(Source records)
----

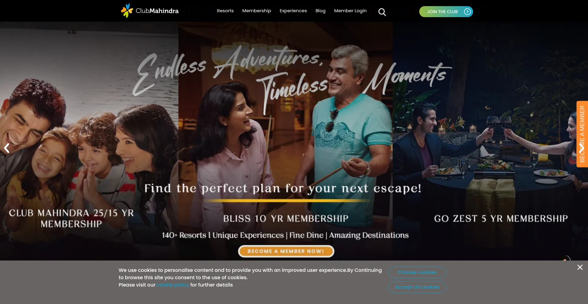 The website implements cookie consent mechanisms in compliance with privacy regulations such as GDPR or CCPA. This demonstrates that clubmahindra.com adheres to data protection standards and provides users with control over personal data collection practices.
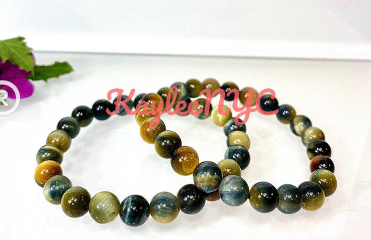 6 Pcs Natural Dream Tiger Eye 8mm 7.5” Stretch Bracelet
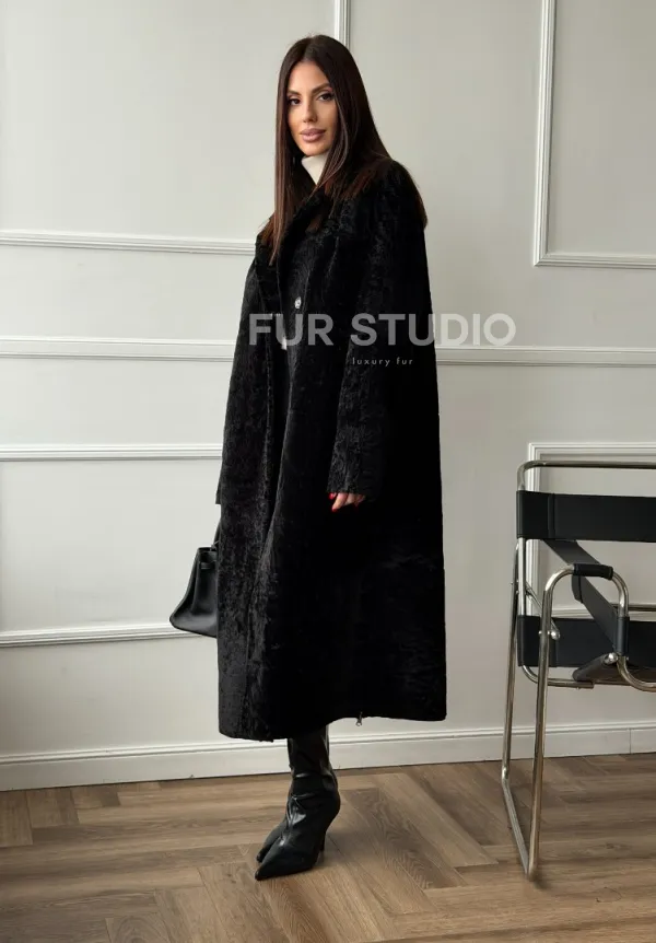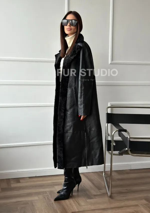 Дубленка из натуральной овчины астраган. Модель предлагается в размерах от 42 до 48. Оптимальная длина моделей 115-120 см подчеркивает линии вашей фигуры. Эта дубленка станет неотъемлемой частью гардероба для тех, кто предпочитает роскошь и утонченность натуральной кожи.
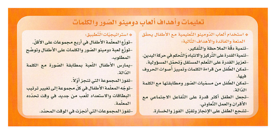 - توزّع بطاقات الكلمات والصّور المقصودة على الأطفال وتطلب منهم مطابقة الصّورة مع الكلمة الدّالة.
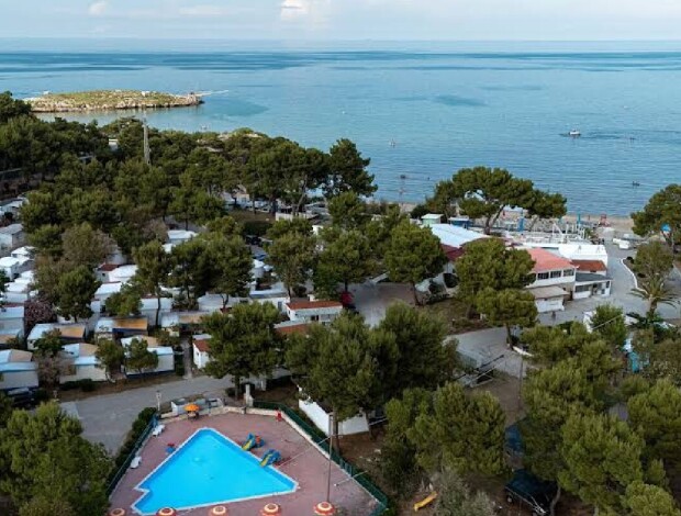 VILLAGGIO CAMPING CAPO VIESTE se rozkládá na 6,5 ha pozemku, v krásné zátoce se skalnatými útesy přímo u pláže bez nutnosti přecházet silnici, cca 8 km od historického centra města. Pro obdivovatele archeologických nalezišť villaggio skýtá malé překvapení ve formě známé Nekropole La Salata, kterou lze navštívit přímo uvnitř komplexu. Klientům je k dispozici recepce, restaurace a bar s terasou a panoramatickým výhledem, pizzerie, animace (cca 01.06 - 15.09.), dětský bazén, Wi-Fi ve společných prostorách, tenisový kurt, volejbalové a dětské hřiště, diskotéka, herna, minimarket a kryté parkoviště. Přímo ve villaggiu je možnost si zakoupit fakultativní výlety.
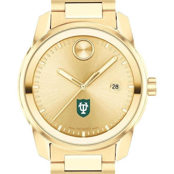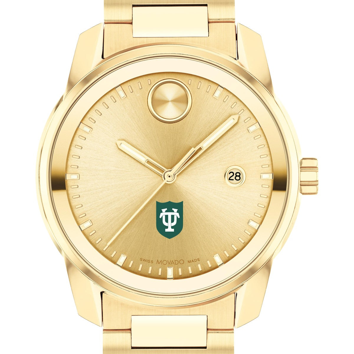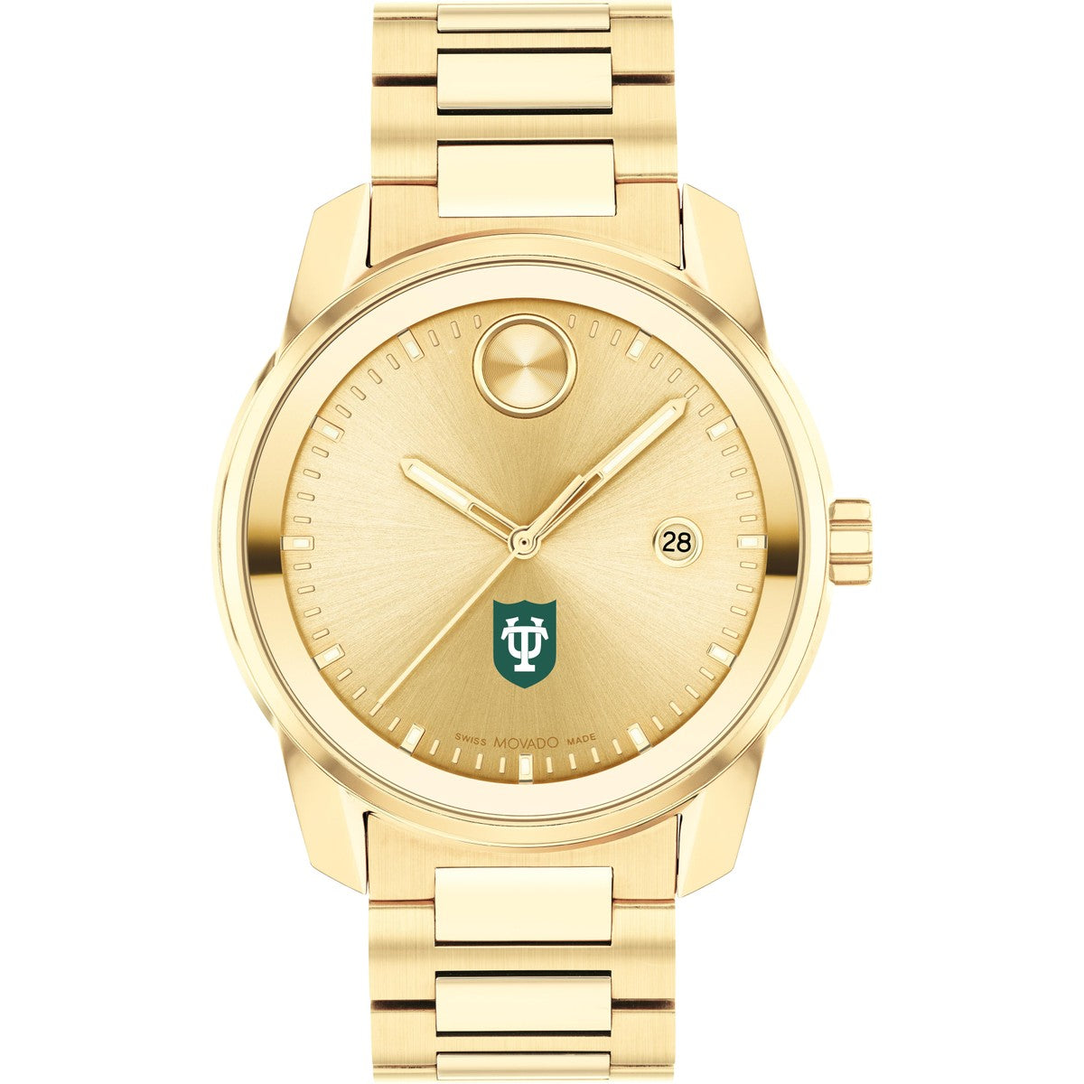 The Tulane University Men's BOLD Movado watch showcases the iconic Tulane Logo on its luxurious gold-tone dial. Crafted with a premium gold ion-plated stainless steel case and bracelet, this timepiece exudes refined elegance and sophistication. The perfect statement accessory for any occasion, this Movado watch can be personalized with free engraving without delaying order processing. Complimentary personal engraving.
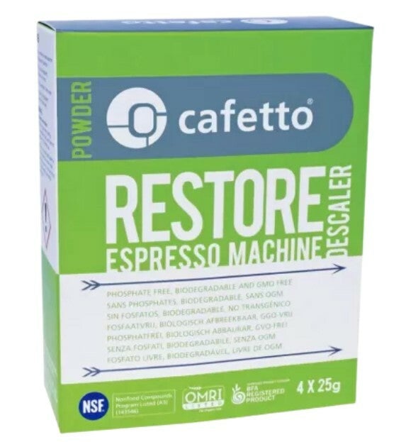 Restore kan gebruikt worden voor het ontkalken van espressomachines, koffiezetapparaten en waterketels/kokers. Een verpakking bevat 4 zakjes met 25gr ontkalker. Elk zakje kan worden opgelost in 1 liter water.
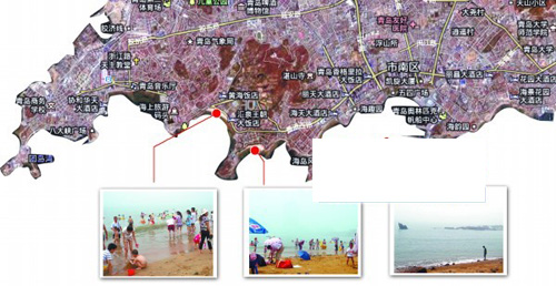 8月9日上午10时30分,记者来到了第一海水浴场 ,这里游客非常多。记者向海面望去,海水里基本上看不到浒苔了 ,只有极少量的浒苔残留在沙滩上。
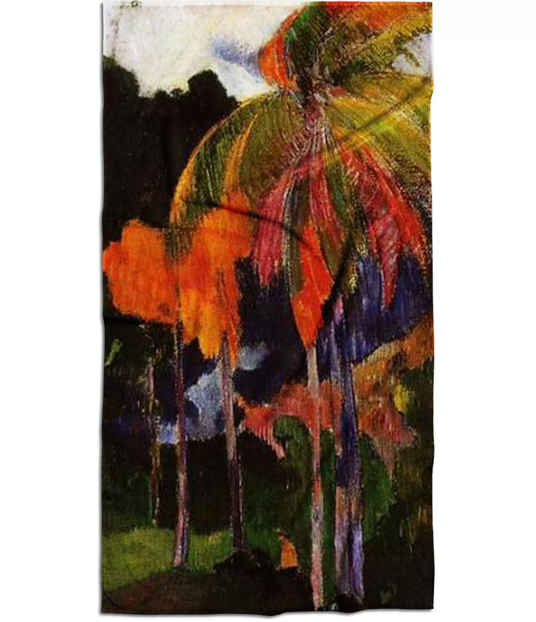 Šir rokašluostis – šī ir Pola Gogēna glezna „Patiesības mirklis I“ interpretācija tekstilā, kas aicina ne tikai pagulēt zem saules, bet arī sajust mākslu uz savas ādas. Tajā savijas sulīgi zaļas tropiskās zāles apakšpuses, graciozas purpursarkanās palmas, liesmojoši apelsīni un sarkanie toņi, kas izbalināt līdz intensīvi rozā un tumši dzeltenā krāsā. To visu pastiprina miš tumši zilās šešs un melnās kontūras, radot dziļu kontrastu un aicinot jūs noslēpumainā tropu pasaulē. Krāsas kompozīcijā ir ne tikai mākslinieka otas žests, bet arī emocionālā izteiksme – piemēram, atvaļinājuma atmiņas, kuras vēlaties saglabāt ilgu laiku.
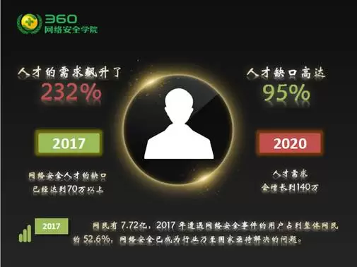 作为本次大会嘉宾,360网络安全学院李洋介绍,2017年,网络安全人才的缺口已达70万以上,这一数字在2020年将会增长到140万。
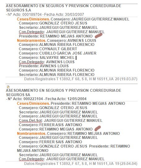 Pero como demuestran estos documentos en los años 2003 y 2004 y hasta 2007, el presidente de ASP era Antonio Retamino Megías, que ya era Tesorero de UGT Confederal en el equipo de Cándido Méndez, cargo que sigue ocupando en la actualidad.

----

TASK PROMPT:
Repeat only the stretch of data above that runs from the line with "Дубленка из натуральной" to the line with "- توزّع بطاقات". Keep both end lines; exclude pictures.

ANSWER BELOW:
 Дубленка из натуральной овчины астраган. Модель предлагается в размерах от 42 до 48. Оптимальная длина моделей 115-120 см подчеркивает линии вашей фигуры. Эта дубленка станет неотъемлемой частью гардероба для тех, кто предпочитает роскошь и утонченность натуральной кожи.
 - توزّع بطاقات الكلمات والصّور المقصودة على الأطفال وتطلب منهم مطابقة الصّورة مع الكلمة الدّالة.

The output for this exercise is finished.